In secondo luogo, il Giudice ha osservato come ben tre dei cinque marchi azionati, contenessero denominazioni geografiche. In particolare, trattandosi di marchi composti dai termini Fringe e Festival uniti ai nomi delle città di Roma, Matera e Milano, ben poteva cogliersi, sempre ai sensi dell’art. 13 CPI, una valenza puramente descrittiva degli stessi. Una valenza, cioè, volta a identificare il luogo di svolgimento del festival fringe, come tale ovviamente non suscettibile di appropriazione in via esclusiva.

In proposito, ha osservato il Tribunale come anche il marchio Roma Fringe Festival pur essendo l’unico tra i marchi azionati ad avere una (sia pur) minima connotazione grafica, idonea a superare l’eccezione di invalidità, avrebbe comunque una capacità distintiva molto tenue. Con la conseguenza che una differenziazione, anche minima, sarebbe sufficiente ad escludere ogni ipotesi di contraffazione. Considerato altresì che il nucleo distintivo del segno utilizzato dal resistente è costituito dalla propria denominazione Milano Off, con l’uso in chiave esclusivamente descrittiva dell’espressione fringe festival, in relazione alla quale il Tribunale ha ribadito le considerazioni svolte in tema di attitudine a identificare un particolare genere teatrale.

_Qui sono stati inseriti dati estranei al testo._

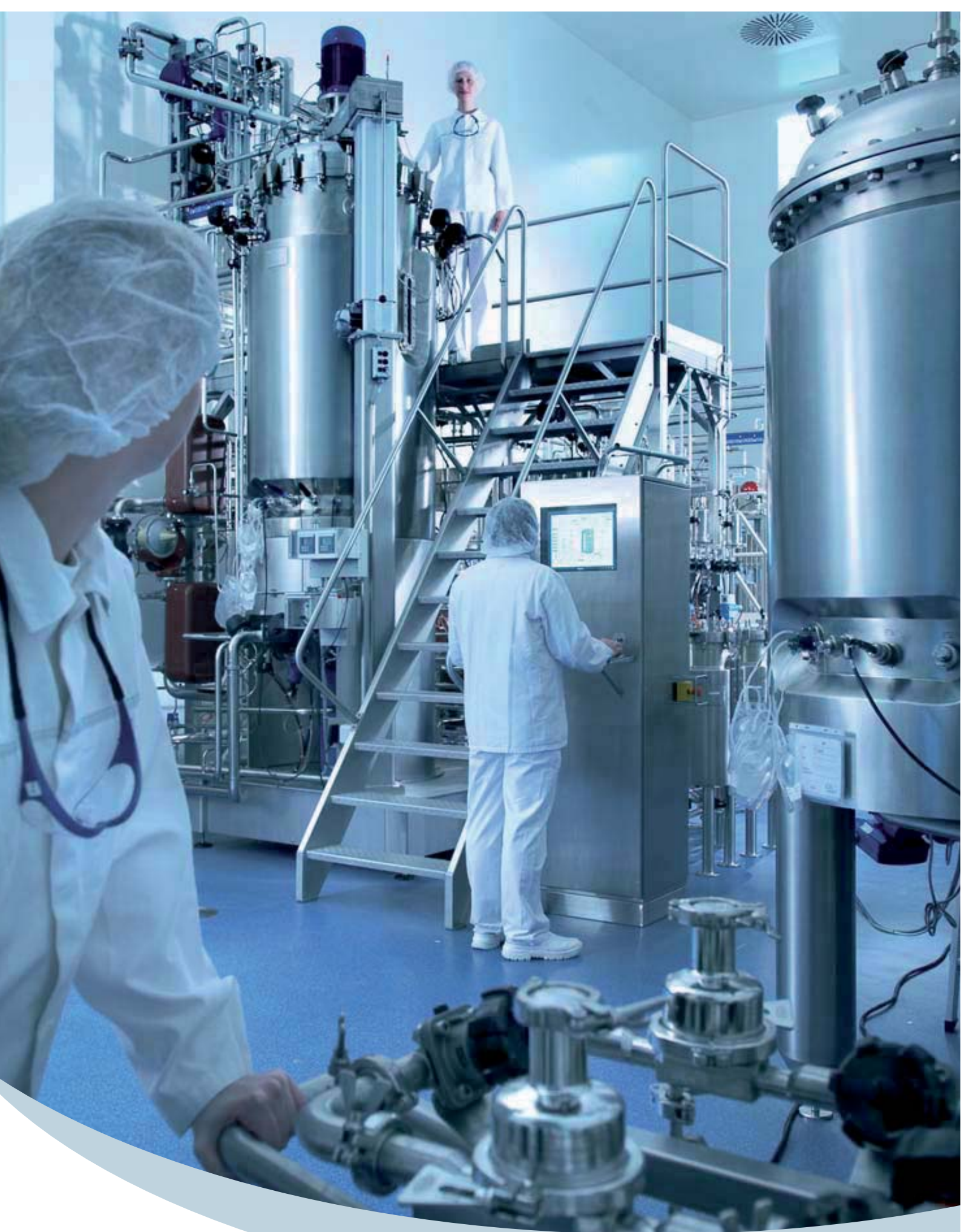
1500 L fermenter for microbial production in Bovenau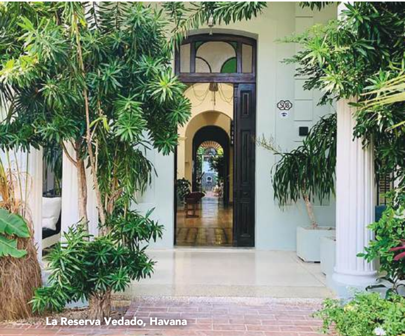
La Reserva Vedado, Havana

Experience Havana's rich heritage at this privately owned boutique hotel. Set in a meticulously restored historic residence, La Reserva Vedado blends Old Havana's architectural elegance with contemporary Cuban art and modern design. Stay connected with complimentary Wi-Fi and unwind with expertly crafted mojitos and traditional Cuban cuisine at the hotel's bar and restaurant.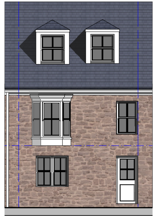
11 Prelim Front Elevation Scale: 1:100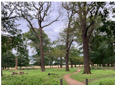
Photo shows Sheen Wood whose oaks have been badly affected by AOD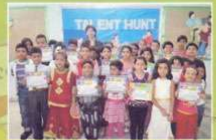
Inter School Talent Hunt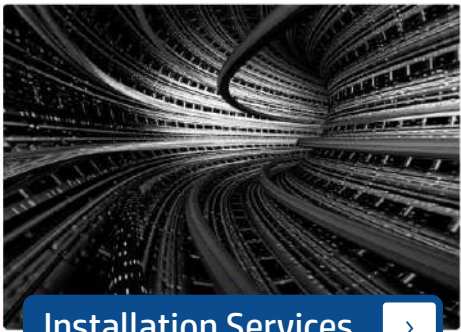
Installation Services >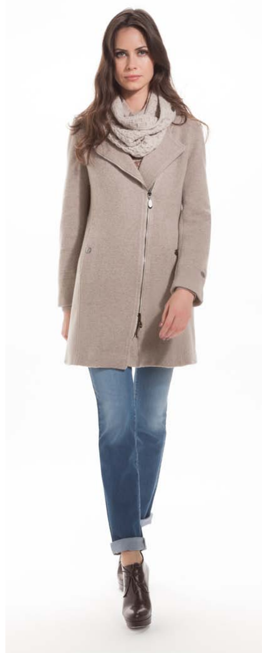
BINNY 5164 COL.24622 FUGGY-INT 4594S 54554 ZALEM 3148 2227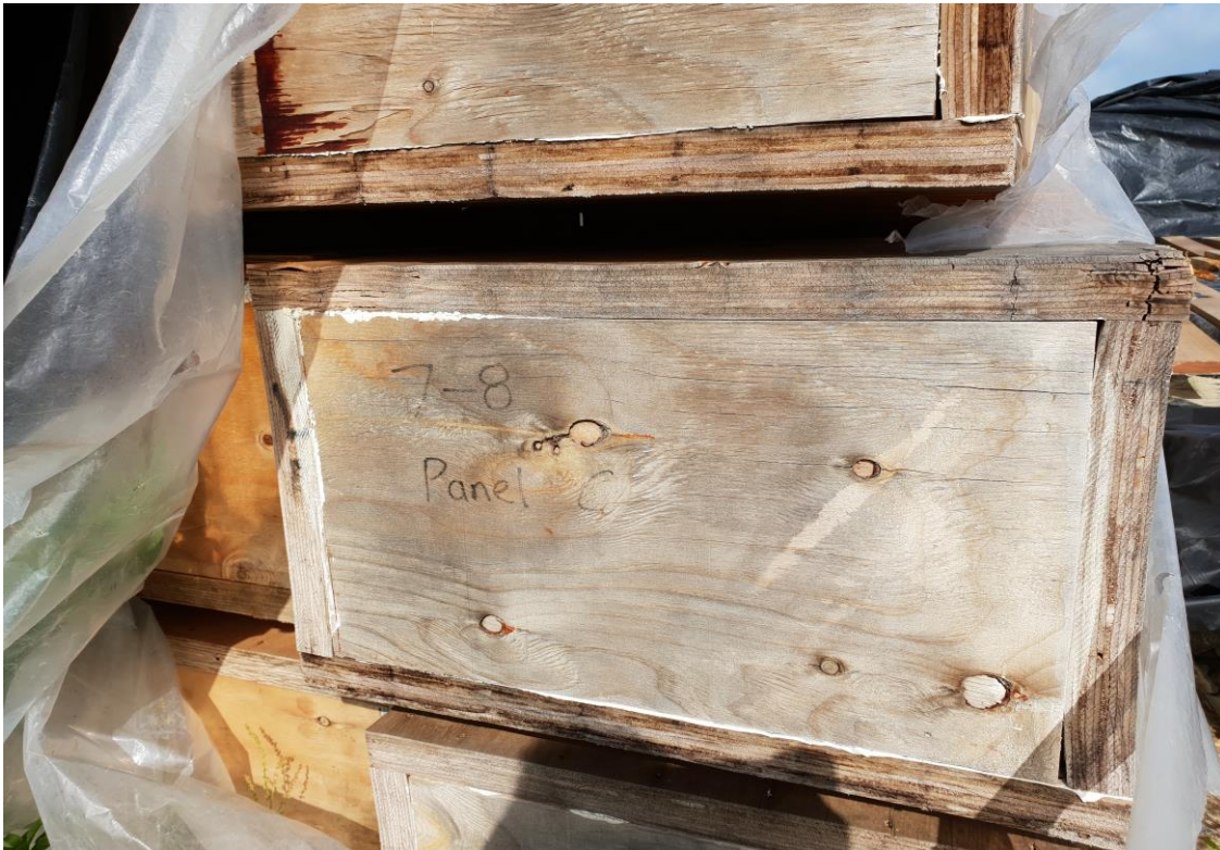
Figure 5: These Potius Panels have had long term exposure to weather resulting in swelling, discolouration and some splitting.

Where possible limit the amount of exposure of Potius panels to the exterior environment. Moisture and UV sunlight can both discolour but also affect the dimensional tolerances of the panels. In a horizontal situation, where water may pool on the panels, it is recommended that the water is swept off the panels or the panels are covered before a roof is installed. The panels can handle a certain amount of weathering without effecting their structural performance because we use materials such as crossbanded LVL with a marine grade adhesive, PU foam insulation and fabrication adhesive and mechanical fasteners.

Da ultimo infine, il Tribunale di Milano, pur ritenendo superflua ogni valutazione in tema di decadenza per non uso dei marchi azionati dal ricorrente, ha comunque osservato come allo stato attuale degli atti vi fossero fondati dubbi sull’uso effettivo entro cinque anni dalla concessione - in particolare - del segno Milano fringe festival. Difatti agli atti vi era solo un contratto di licenza d’uso di tale marchio recante data successiva ai cinque anni dalla sua registrazione e peraltro in abbinamento a una manifestazione denominata NoLo fringe festival, nell’ambito della quale agli atti mancava una qualsiasi elemento probatorio di utilizzo del marchio Milano Fringe Festival.